年の瀬に思う…深作欣二監督のヤクザ映画に出会ったこと
毎年、年の瀬になると必ず、わが青春の映画、「ゴッドファーザー」「仁義なき戦い」を思い出す。1972年暮れ、ボクは二十歳になったばかり。大阪ミナミの宗右衛門町にあった舞台付きのグランドキャバレーのショータイムにスポット照明係のバイトをしながら、暇を持て余していた。夜10時から日替わりで、歌手の新曲キャンペーンや奇術ショーやストリップが1回15分間で30分後にもう1回あるだけで、バイト料は1500円ももらえたが(当時の喫茶店のウエーターの日給ぐらいか)とにかく退屈な日々で将来に何の見通しもなく、その日暮らしをするしかなかった。
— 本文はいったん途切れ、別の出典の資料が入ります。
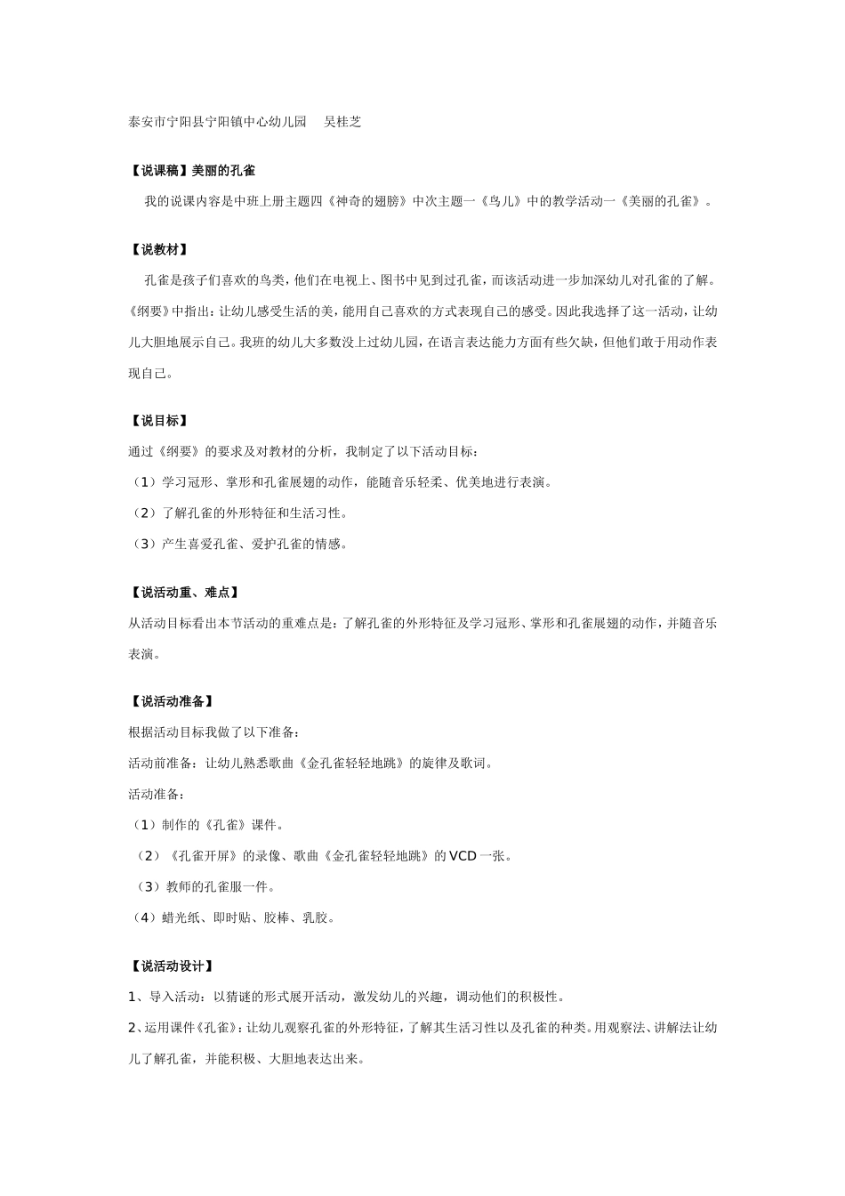 泰安市宁阳县宁阳镇中心幼儿园吴桂芝【说课稿】美丽的孔雀我的说课内容是中班上册主题四《神奇的翅膀》中次主题一《鸟儿》中的教学活动一《美丽的孔雀》。【说教材】孔雀是孩子们喜欢的鸟类,他们在电视上、图书...

その年は3回もマフィア一家を描いた「ゴッドファーザー」を見て、映画という魔物にとり憑かれていた。ハリウッドの人気歌手に映画の主役につきたいと懇願されたドン・コルレオーネが、顧問弁護士トムに命じ、大物プロデューサーの邸宅に行かせ、そこの高価なタネ馬の首を切断し、大物のベッドの中に血まみれのまま放り込ませて脅迫する荒業を見せられ、しばらく他の映画なんか見る気も失せたままで、年末を迎えていた。その時、深夜テレビの映画紹介で何度も目にしたのが、正月明け封切りの「仁義なき戦い」というヤクザ映画のどぎつい予告編。菅原文太という斜に構えた侠客面の俳優をしっかり見るのも初めてだった。初詣に行く予定なんか何もなかったが、年が明けたらこの映画は見に行くと決めていた。